Take the lines below beginning at the line that has "Мексиканская закуска - лепешки" and stopping after the line that has "注意:进行无双研习必须在线即", and print them exactly as they are, with no other lines.

#### [Records shown]
----------

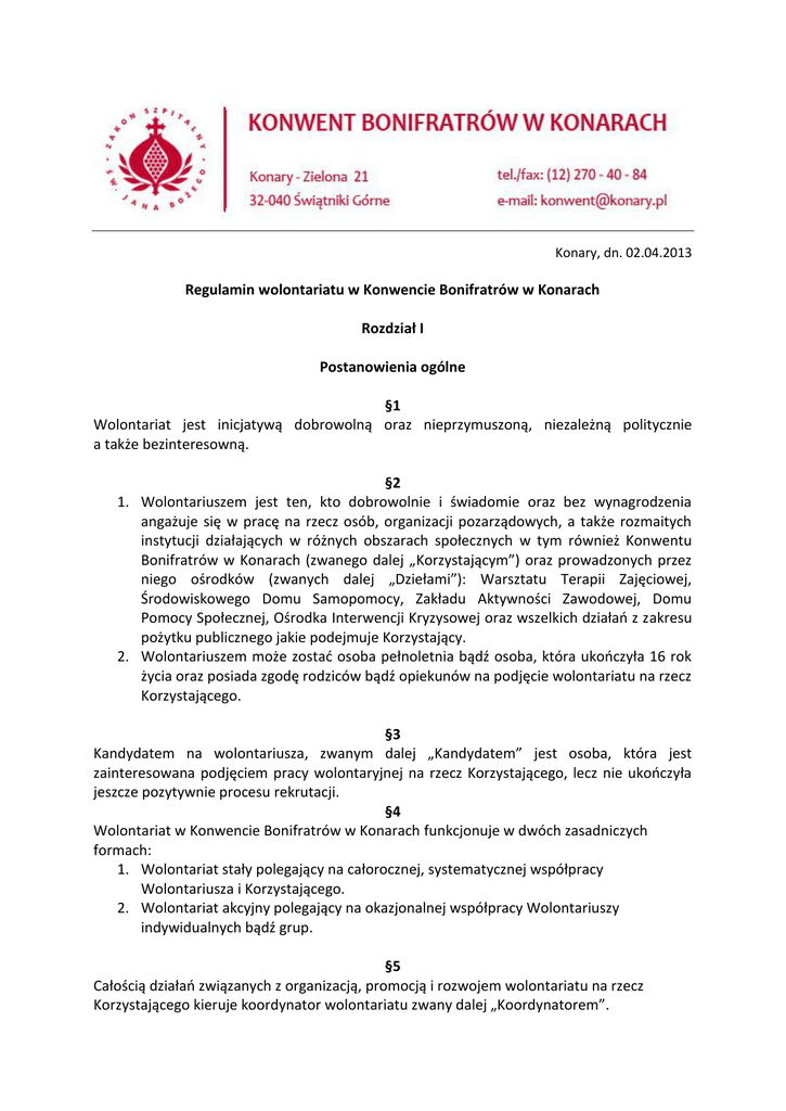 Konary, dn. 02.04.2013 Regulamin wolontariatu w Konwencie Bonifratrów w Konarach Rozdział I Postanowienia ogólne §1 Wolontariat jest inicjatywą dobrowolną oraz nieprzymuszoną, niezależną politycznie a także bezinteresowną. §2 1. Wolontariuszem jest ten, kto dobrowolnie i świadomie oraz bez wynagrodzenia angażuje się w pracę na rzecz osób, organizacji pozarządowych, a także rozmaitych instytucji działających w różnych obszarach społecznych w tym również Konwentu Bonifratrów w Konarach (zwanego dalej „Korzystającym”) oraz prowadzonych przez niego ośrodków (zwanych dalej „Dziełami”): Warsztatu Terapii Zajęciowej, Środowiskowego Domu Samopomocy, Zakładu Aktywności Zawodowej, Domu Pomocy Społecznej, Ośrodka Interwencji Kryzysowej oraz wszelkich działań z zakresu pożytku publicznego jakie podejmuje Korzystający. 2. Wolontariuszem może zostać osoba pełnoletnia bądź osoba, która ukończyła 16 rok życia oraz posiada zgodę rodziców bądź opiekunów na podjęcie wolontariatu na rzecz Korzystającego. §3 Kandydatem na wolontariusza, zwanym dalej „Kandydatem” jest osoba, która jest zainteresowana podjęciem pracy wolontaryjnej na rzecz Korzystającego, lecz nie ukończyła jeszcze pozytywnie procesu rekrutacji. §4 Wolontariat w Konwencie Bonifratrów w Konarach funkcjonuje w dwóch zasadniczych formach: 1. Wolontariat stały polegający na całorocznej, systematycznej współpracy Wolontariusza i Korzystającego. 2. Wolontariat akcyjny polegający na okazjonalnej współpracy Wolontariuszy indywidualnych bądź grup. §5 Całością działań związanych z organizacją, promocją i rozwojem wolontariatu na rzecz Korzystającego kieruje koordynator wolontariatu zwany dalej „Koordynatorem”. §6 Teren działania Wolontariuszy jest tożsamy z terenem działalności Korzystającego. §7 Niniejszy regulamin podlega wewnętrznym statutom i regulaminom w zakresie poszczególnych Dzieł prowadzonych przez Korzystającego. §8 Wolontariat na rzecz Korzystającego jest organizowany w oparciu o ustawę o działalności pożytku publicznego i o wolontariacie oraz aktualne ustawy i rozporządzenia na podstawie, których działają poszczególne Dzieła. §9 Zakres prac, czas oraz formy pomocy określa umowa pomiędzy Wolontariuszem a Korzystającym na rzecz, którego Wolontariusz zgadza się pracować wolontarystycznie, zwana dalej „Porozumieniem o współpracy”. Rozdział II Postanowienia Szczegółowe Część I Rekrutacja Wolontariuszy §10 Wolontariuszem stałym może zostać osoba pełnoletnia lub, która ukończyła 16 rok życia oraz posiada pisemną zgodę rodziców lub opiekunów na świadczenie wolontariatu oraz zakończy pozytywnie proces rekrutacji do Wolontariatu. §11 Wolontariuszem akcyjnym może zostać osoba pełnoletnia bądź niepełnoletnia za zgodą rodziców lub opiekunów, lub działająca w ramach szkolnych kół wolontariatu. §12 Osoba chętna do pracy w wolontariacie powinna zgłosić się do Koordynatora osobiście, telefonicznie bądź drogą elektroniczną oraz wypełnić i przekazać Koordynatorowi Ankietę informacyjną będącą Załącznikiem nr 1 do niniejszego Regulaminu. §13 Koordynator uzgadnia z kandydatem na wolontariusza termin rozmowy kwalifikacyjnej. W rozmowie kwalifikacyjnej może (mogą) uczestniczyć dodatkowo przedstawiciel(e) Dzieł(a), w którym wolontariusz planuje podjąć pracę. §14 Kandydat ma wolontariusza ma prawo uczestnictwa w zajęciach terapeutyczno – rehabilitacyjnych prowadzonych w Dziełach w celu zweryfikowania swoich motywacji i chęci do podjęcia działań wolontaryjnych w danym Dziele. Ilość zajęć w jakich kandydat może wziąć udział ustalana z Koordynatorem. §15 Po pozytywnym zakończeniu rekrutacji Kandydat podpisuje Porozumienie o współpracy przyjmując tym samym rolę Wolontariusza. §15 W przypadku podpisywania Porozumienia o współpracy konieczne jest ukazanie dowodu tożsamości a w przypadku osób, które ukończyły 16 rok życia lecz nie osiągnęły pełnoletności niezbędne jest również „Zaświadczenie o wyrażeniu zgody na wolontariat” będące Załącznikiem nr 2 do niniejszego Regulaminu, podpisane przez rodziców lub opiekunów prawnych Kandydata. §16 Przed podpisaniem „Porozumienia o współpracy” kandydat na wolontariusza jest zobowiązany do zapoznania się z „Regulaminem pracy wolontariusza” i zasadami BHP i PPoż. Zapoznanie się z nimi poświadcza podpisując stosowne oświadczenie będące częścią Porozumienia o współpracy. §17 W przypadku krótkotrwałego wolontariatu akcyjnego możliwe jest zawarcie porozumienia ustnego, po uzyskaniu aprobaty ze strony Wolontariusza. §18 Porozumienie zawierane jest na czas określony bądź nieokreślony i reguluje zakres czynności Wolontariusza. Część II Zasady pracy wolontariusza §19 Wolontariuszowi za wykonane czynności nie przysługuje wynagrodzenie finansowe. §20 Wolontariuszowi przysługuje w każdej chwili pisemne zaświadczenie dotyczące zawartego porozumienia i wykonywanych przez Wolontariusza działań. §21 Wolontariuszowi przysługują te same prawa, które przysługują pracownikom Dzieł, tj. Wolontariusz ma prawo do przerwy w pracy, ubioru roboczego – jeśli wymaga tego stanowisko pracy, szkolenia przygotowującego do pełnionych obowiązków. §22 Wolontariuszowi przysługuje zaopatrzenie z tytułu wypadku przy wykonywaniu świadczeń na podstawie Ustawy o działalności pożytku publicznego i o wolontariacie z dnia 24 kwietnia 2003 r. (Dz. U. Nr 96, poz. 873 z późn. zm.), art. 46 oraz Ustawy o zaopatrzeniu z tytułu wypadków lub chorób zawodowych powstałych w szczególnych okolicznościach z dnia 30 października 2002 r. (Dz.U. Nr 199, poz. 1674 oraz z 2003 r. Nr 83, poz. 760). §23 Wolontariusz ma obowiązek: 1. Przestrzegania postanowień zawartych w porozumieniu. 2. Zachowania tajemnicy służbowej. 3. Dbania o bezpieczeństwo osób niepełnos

----------

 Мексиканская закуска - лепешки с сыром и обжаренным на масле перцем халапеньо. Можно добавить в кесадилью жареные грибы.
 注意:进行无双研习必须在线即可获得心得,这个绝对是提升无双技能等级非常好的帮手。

----------

#### [Written answer]
 Мексиканская закуска - лепешки с сыром и обжаренным на масле перцем халапеньо. Можно добавить в кесадилью жареные грибы.
 注意:进行无双研习必须在线即可获得心得,这个绝对是提升无双技能等级非常好的帮手。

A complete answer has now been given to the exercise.